Los pasos reverberan en la iglesia abandonada. El anciano piensa en lo diferente que suena el caminar afuera, sobre la piel de ceniza y huesos pulverizados que cubre el mundo irradiado.
Había visto el edificio de lejos, y le pareció otro pecio más en el desierto; otro vestigio de una época marchita. Pero la esperanza de encontrar gente que mitigara su soledad le había guiado. Al entrar, le sorprendió encontrarse con una ermita cristiana. Pensaba que todas habían sido demolidas tras lo que ocurrió. Tras lo que Él permitió que ocurriera.
Sigue atravesando la nave en penumbra. Solo distingue varias hileras de bancos. De pronto, frente a él, una cicatriz flotando en el aire. Se sobresalta, pero entonces reconoce la figura pálida y enjuta, crucificada. Es el Tachado. El viejo mesías. Tendones y músculos a punto de estallar, rictus de dolor en el rostro que trocan su mueca en una sonrisa lobuna.
Avanza como hipnotizado guiándose por los bancos. Un roce apergaminado, y algo se deshace en sus dedos. Se gira, y observa un bulto sobre el asiento. Parece un fardo de ropa. Se inclina, y se topa con un ojo que le mira. Da un respingo. No puede ser. Se acerca de nuevo. Distingue dientes, un pie, aspas blancas de huesos, un brazo articulado como el de un insecto. Un remedo de cuerpo, fragmentado, corrugado.

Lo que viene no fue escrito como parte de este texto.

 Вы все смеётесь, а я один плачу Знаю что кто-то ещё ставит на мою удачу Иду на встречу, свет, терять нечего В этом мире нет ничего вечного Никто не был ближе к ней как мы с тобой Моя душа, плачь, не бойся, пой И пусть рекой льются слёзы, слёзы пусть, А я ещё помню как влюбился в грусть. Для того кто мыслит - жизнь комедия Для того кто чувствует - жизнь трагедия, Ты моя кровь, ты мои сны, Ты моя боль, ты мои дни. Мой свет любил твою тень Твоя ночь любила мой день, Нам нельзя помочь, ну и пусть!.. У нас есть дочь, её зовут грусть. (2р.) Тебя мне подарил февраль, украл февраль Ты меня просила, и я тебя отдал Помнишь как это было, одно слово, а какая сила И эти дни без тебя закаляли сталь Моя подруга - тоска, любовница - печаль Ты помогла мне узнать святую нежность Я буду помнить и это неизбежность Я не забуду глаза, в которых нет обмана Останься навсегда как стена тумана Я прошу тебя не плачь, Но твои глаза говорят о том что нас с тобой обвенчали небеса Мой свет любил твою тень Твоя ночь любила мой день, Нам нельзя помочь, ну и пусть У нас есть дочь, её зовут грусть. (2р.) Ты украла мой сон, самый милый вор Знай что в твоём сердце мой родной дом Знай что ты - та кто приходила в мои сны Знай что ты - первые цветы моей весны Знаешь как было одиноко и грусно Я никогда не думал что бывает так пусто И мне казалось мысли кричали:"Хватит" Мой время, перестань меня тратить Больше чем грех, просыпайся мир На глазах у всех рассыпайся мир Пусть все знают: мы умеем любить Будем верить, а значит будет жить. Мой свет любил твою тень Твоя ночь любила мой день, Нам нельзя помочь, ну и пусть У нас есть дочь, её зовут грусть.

La piel del anciano se horripila, hormigas recorren su médula. Sigue adelante, como si no hubiera lugar para escapar, como si no le quedara otro remedio. Más adelante, otro cuerpo, este erguido, corriente, salvo en su palidez, exagerada, de no haber conocido nunca el sol, de macerar en lejía. No hay duda: le han vaciado de sangre.

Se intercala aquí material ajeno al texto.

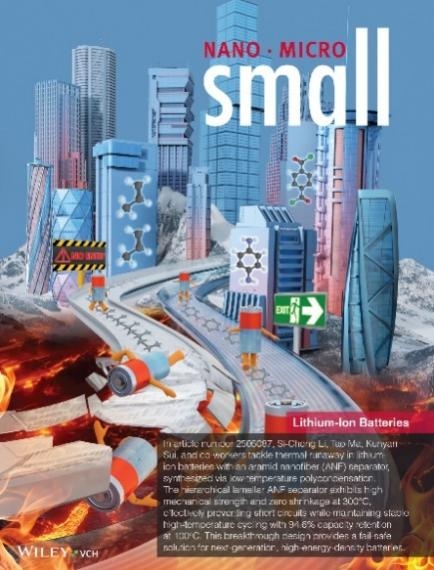新闻网讯 近日,材料科学与工程学院隋坤艳教授仿生智能材料团队在新型锂离子电池隔膜材料研究领域取得重要突破。相关成果以“Robust, High-Temperature-Resistant Aramid Nanofiber Separator with Hierarchical Structure for High Performance Lithium-Ion Batteries”为题,发表于纳米材料领域国际顶级期刊 Small(IF=12.1),并被遴选为封面扉页亮点论文。论文第一作者为材料学院2022级硕士研究生刘金磊,通讯作者为隋坤艳教授、李思成副教授以及巢湖学院马涛副教授。

El viejo trastabilla, se aferra a un asiento. Entonces escucha un murmullo líquido, palabras bajo el agua. Procede de su izquierda. El aire se vuelve jalea. Avanza a brazadas, luchando con su terror, con su agotamiento. Encuentra a un hombre tumbado, perdiendo sangre por cien heridas. Una de ellas, mortal, abre una boca escarlata en su cuello. Al ver al anciano se remueve, boquea, como si tratara de hablar con él. Al hacerlo, sus dos bocas expelen aire y sangre. El viejo parece comprender el significado de su lengua muerta, y pregunta.
—¿Quién?
El herido levanta un brazo lacerado y señala hacia delante. El anciano tiembla. Porque, al hacerlo, observa mejor sus heridas. Son desgarros. Hechos por uñas y colmillos, sin duda, de alguna ignota bestia sin nombre. Y porque no hay duda de que el hombre trata de indicarle dónde se encuentra. El anciano se queda inmóvil.

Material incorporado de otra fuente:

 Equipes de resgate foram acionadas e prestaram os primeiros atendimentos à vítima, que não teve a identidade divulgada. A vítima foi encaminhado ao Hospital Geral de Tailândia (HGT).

Entonces el hombre expira, y el viejo, impelido por su aliento, se gira. Delante no hay nada. Nada... salvo una cruz vacía. La tachadura sin tacha. De pronto siente una respiración en su nuca. Un líquido caliente se derrama por sus piernas, y otro calor, este gozoso, lo hace por el pecho. El anciano se toca el alzacuellos mientras piensa «ya no estoy solo».